Spent about 30 minutes last night talking (well chatting on facebook) with the guy I sparred at the tournament. Really nice guy. I asked when he started karate, he said 1973. I was LITERALLY in diapers when he started. A shade less than 6 years experience vs 37 years experience? Yeah... Well, that explains that.


----------



## Sukerkin (Feb 9, 2011)

:chuckles:  Aye, a thirty year edge in training and experience will certainly make a difference :tup:.


----------



## Sensei Payne (Feb 9, 2011)

Nothing is a failure as long as you did your best and learned from it.

Congrats man, way to hang in there, Tournaments can be taxing.


----------



## Blindside (Feb 9, 2011)

Archangel M said:


> How did point sparring become so popular? What does it really prove?


 
It became popular because you can do it with less chance of hurting people, thereby broadening the group of people willing to participate in the event.  

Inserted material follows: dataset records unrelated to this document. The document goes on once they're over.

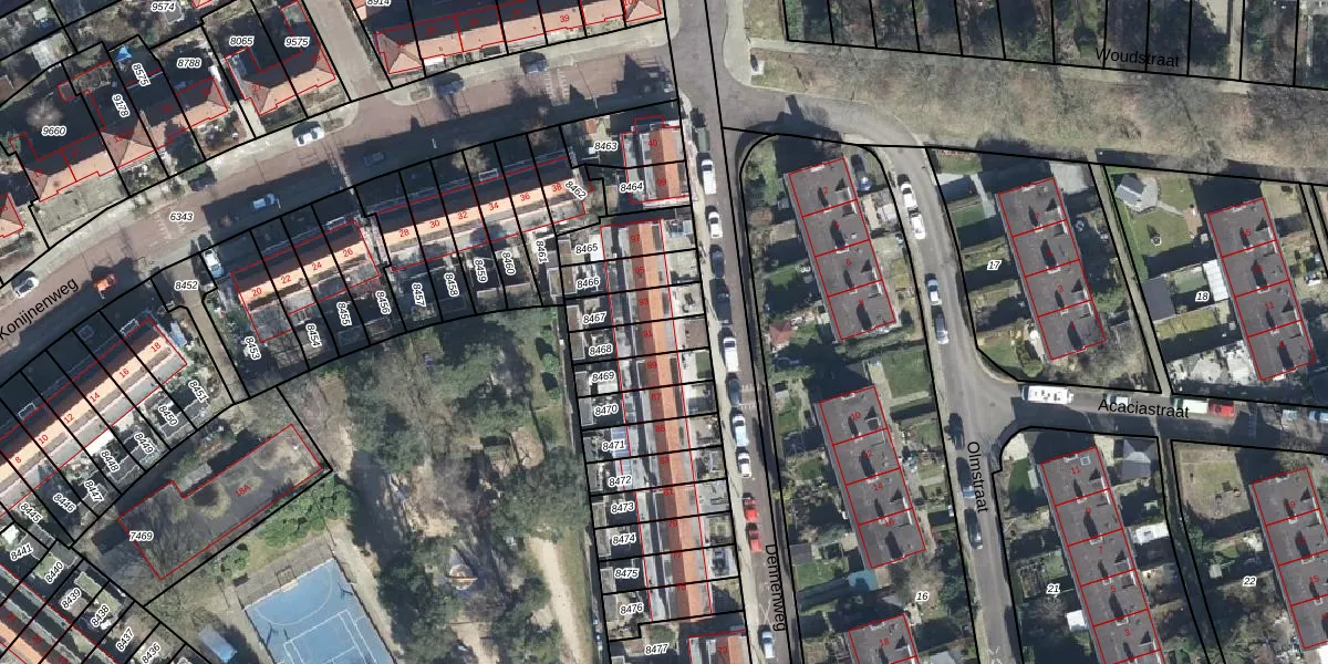Gebruik de zoekbalk of klik op een perceel voor informatie over de adressen binnen dit perceel.
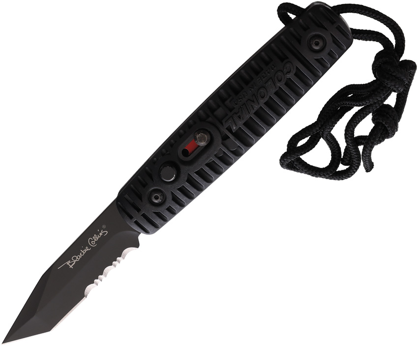 Automatic opening. 4.25″ (10.8cm) closed. 2.75″ (6.99cm) black oxide coated partially serrated stainless tanto blade. Black grooved polymer handle. Blade etching. Lanyard hole. Cord lanyard. Safety mechanism. Blackie Collins blade design. Boxed.
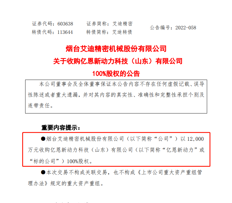11月15日晚间,艾迪精密(603638.SH)发布公告称,公司以1.2亿元收购亿恩新动力科技(山东)有限公司(简称“亿恩新动力”)100%股权。
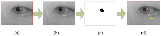 The process of extracting the pupil diameter. (a) The original eye movement frame picture; (b) the grayscale image; (c) the binary image, and (d) the diameter and the center of the pupil using the Hough transform.

As for what it proves, not much, it shows you can win given a particular ruleset, no different than any other sport.  I don't think a Judo match, an Olympic TKD match, MMA match, or a fencing bout prove anything either.


----------



## Blindside (Feb 9, 2011)

Big Don said:


> Spent about 30 minutes last night talking (well chatting on facebook) with the guy I sparred at the tournament. Really nice guy. I asked when he started karate, he said 1973. I was LITERALLY in diapers when he started. A shade less than 6 years experience vs 37 years experience? Yeah... Well, that explains that.


 
The older black belt divisions are funny that way, and fun to play with if you are the "kid" in the division, sort of like watching the big eyes of the recently 18 year old black belt in the regular adult division for the first time, fighting against guys who have been judging him since he was a little pun... kid.


----------



## Sensei Payne (Feb 9, 2011)

The Tournaments I have been to, the black belts judge kata all day and then are told to spar...there is always that one guy that didn't how up until sparring time..lol, self promoters.


----------



## Yondanchris (Feb 14, 2011)

You gave it your best! 

and like has been said before if this was real life or full contact sparring you would
have knocked his head clean off!! 

I also am not a big proponent of point-sparring, we do very little to none in the dojo 
and I do not expect or push my students to compete in it when tournaments come around! 

Very good job, keep it up!

Chris


----------